Dataset content:
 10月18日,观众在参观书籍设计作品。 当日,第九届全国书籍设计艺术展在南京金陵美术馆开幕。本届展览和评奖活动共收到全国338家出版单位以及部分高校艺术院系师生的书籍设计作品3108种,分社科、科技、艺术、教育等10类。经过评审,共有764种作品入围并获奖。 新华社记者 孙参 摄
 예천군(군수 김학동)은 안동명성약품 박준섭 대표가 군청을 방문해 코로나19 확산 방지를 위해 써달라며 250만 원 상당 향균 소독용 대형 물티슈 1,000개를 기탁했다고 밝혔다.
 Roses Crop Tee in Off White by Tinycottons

...

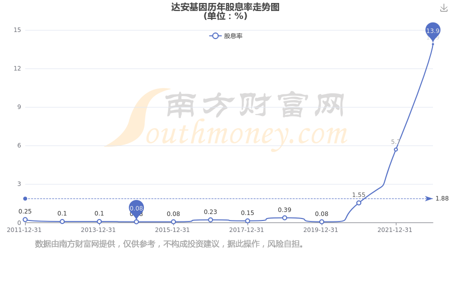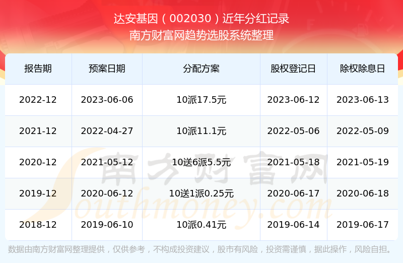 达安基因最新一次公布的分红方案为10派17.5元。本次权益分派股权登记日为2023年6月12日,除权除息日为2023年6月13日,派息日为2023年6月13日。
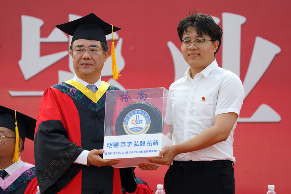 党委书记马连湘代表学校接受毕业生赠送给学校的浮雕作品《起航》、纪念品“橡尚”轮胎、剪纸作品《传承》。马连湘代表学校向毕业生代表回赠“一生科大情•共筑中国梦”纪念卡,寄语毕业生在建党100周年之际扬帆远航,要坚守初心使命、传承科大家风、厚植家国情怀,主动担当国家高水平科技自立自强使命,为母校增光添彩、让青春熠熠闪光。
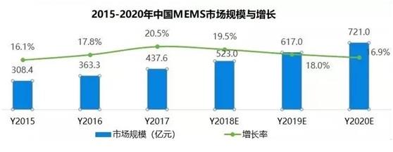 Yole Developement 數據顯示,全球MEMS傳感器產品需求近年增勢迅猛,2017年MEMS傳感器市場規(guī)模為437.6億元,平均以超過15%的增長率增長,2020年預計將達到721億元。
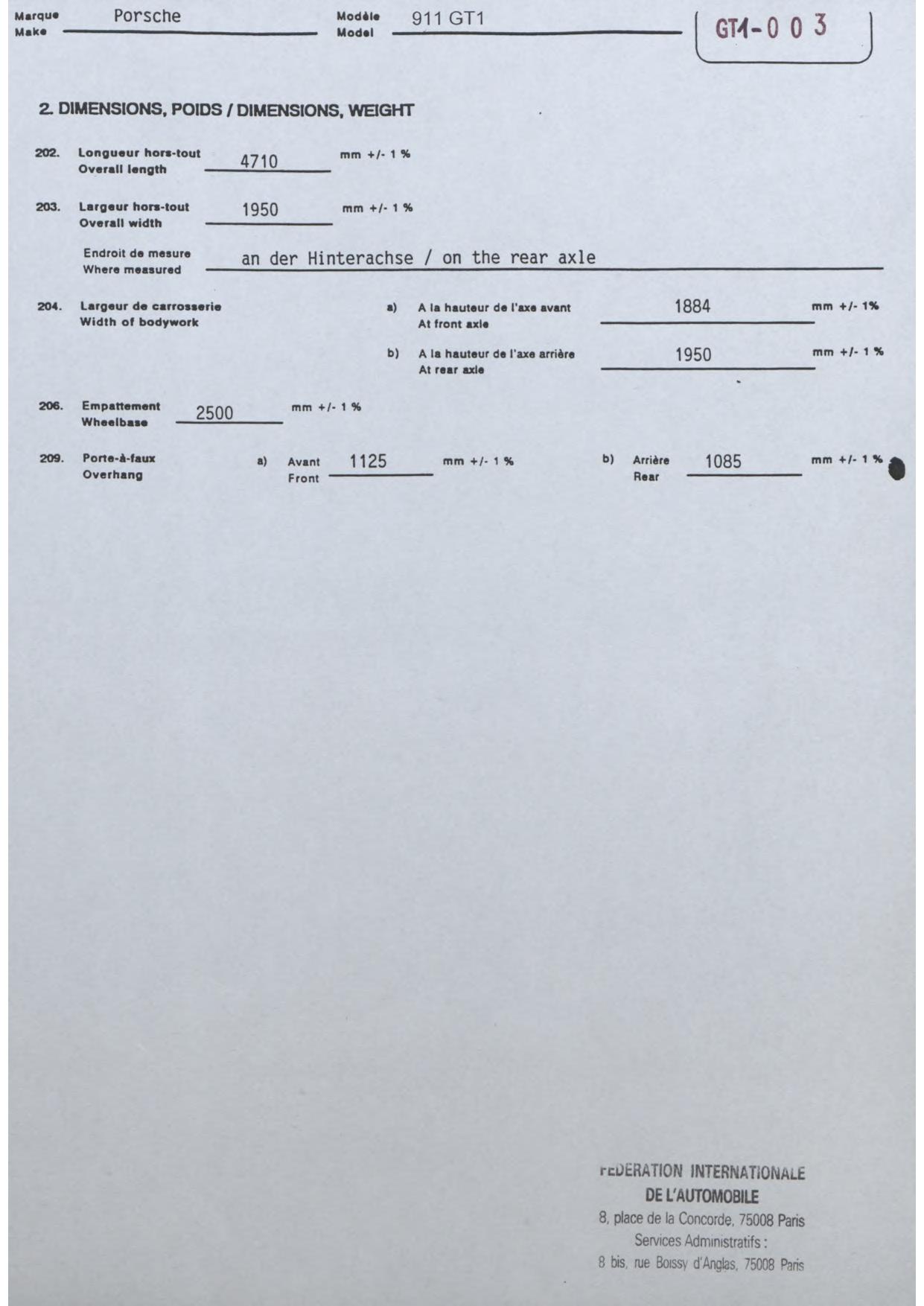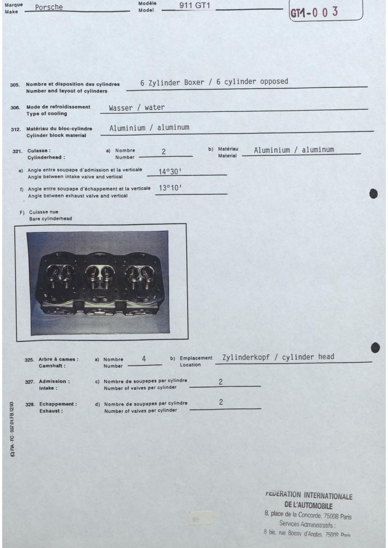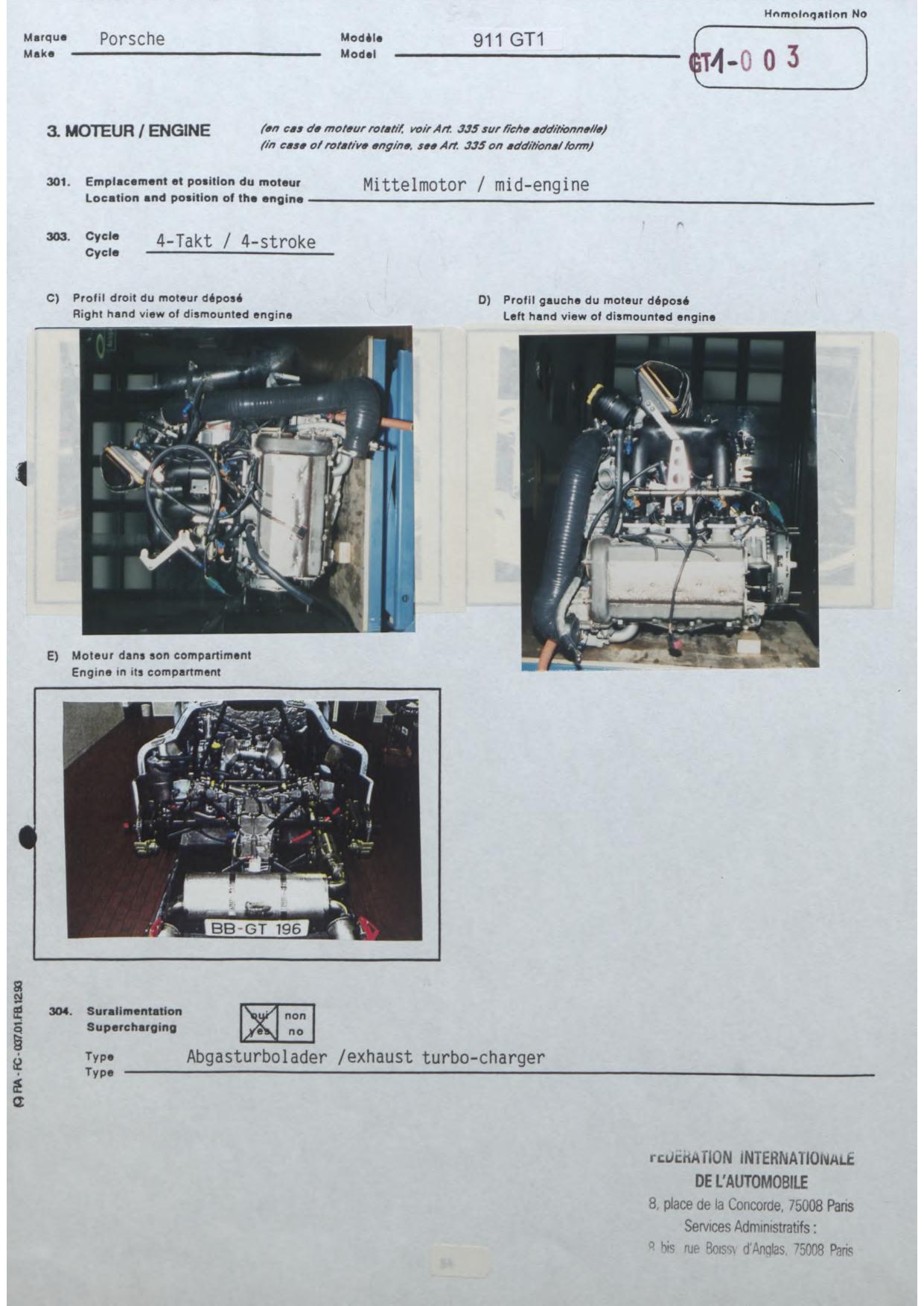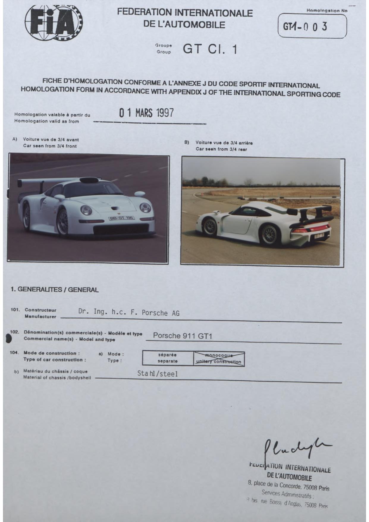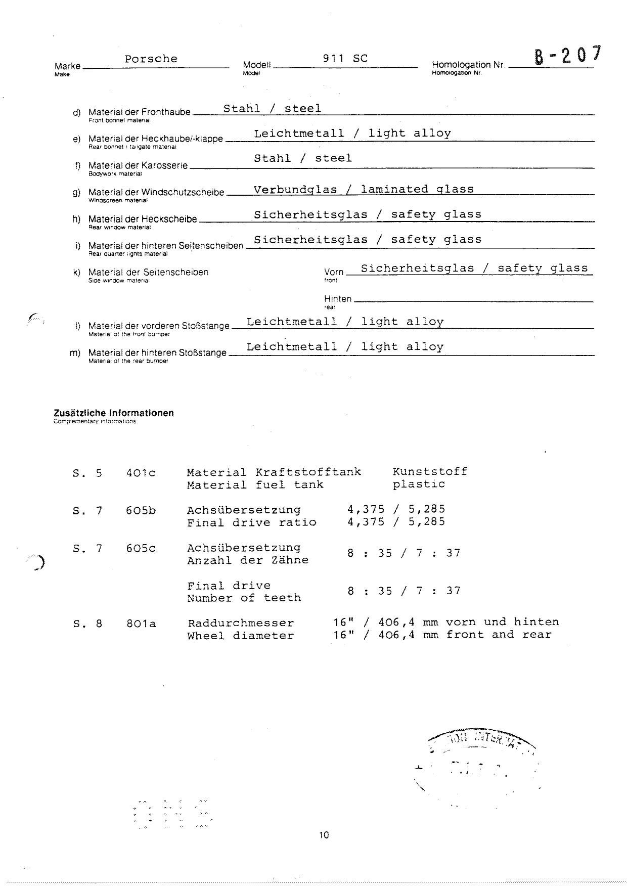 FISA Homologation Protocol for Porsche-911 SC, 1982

Directions: Of all the material above, only the lines from the one that has "达安基因最新一次公布的分红方" down to the one that has "FISA Homologation Protocol" are to be written out, exactly and with both ends included. Pictures are skipped.

Solution to this exercise:
 达安基因最新一次公布的分红方案为10派17.5元。本次权益分派股权登记日为2023年6月12日,除权除息日为2023年6月13日,派息日为2023年6月13日。
 党委书记马连湘代表学校接受毕业生赠送给学校的浮雕作品《起航》、纪念品“橡尚”轮胎、剪纸作品《传承》。马连湘代表学校向毕业生代表回赠“一生科大情•共筑中国梦”纪念卡,寄语毕业生在建党100周年之际扬帆远航,要坚守初心使命、传承科大家风、厚植家国情怀,主动担当国家高水平科技自立自强使命,为母校增光添彩、让青春熠熠闪光。
 Yole Developement 數據顯示,全球MEMS傳感器產品需求近年增勢迅猛,2017年MEMS傳感器市場規(guī)模為437.6億元,平均以超過15%的增長率增長,2020年預計將達到721億元。
 FISA Homologation Protocol for Porsche-911 SC, 1982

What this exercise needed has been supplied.